• [WORK REQUEST]: Exclude every picture. Output verbatim the lines from the one containing "Looking across Loch" to the end of the data.

(Beginning of RECORDED DATA)

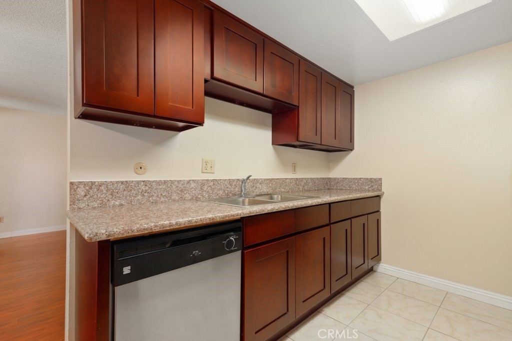 A serene oasis just two blocks from the hustle and bustle of Main Street in downtown Alhambra, this spacious 1+1 condo is located in the private and quiet back part of a peaceful, well-maintained gated community.The home features an updated kitchen with shaker cabinets, granite counters, stainless steel appliances and plenty of counter space. Updated laminate wood flooring is featured throughout the spacious living room, bedroom, dining area and closets. One closet is wall to wall with floor-to-ceiling mirrors, while the other is walk-in and large enough to serve as a small office. Front windows from the dining area and living room look out onto a lawn and garden area, while rear windows give a view of tall trees. The front porch is both generous and private, with ample space for a small patio table and a couple of chairs, where you can enjoy your morning coffee in the warm sunlight and immerse yourself in a book in cool shade in the afternoon, disturbed only by the occasional bird songs. The property comes with a covered car port with a storage cabinet and one reserved uncovered parking space within the residential complex. The complex offers a furnished recreation room with two bathrooms, a kitchen and a patio which can be reserved for private parties and meetings. It a close distance of everything: supermarkets, restaurants, retail stores, banks, post office, schools, library, fitness center, movie theaters, parks and many other businesses. With convenient access to the 10, 710 and 210 Freeways, it is also only minutes away from Valley Blvd. of the San Gabriel Valley, downtown L. A. and Pasadena, and their many cultural and entertainment venues and events, not to mention a vast array of shopping and dining options.
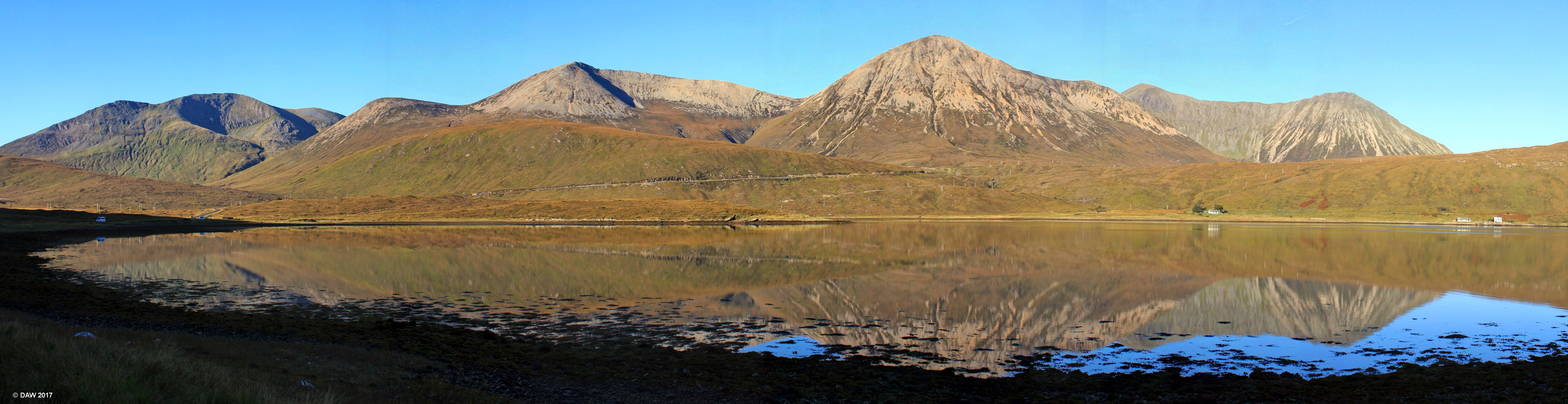 Looking across Loch Ainort on a cloudless October morning. The highest peak you see here is Beinn Dearg Mhor at 731m.
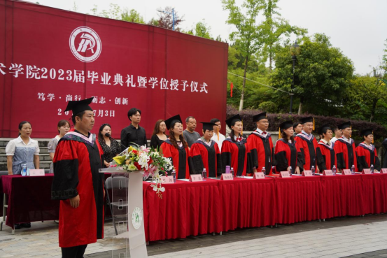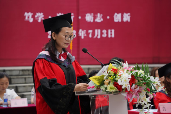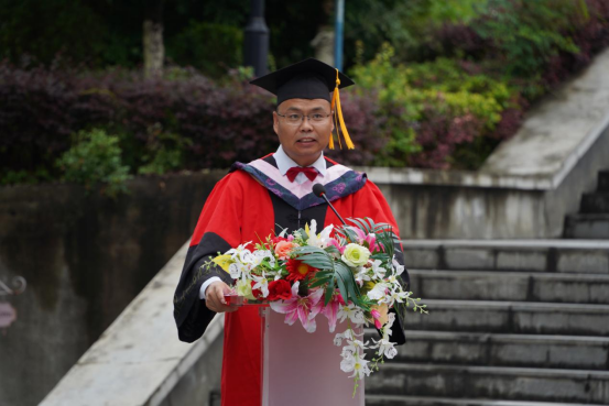 院长成党伟在致辞中代表学院向圆满完成学业的毕业生表示热烈祝贺,向毕业生们提出三点希望:一是希望同学们怀揣梦想,要有“会当水击三千里、自信人生二百年”的豪气,笃定自信,勇敢地面对未来的挑战,书写人生底色。二是希望同学们脚踏实地、做奋斗者,在自己的岗位上奋力拼搏,为青春添彩,彰显人生本色。三是希望同学们不忘初心、把小我深度融入祖国发展的大我中,踔厉奋发、勇毅前行。在国家发展的进程中展现Beat365唯一官方网站人应有的家国担当,绽放人生亮色。要求同学们不要忘记做一个对人感恩、对己克制、对物珍惜、对事尽力的人,在人生道路上站得高、立得正、行的稳、走得远。

(End of RECORDED DATA)

• [WRITTEN SOLUTION]:
 Looking across Loch Ainort on a cloudless October morning. The highest peak you see here is Beinn Dearg Mhor at 731m.
 院长成党伟在致辞中代表学院向圆满完成学业的毕业生表示热烈祝贺,向毕业生们提出三点希望:一是希望同学们怀揣梦想,要有“会当水击三千里、自信人生二百年”的豪气,笃定自信,勇敢地面对未来的挑战,书写人生底色。二是希望同学们脚踏实地、做奋斗者,在自己的岗位上奋力拼搏,为青春添彩,彰显人生本色。三是希望同学们不忘初心、把小我深度融入祖国发展的大我中,踔厉奋发、勇毅前行。在国家发展的进程中展现Beat365唯一官方网站人应有的家国担当,绽放人生亮色。要求同学们不要忘记做一个对人感恩、对己克制、对物珍惜、对事尽力的人,在人生道路上站得高、立得正、行的稳、走得远。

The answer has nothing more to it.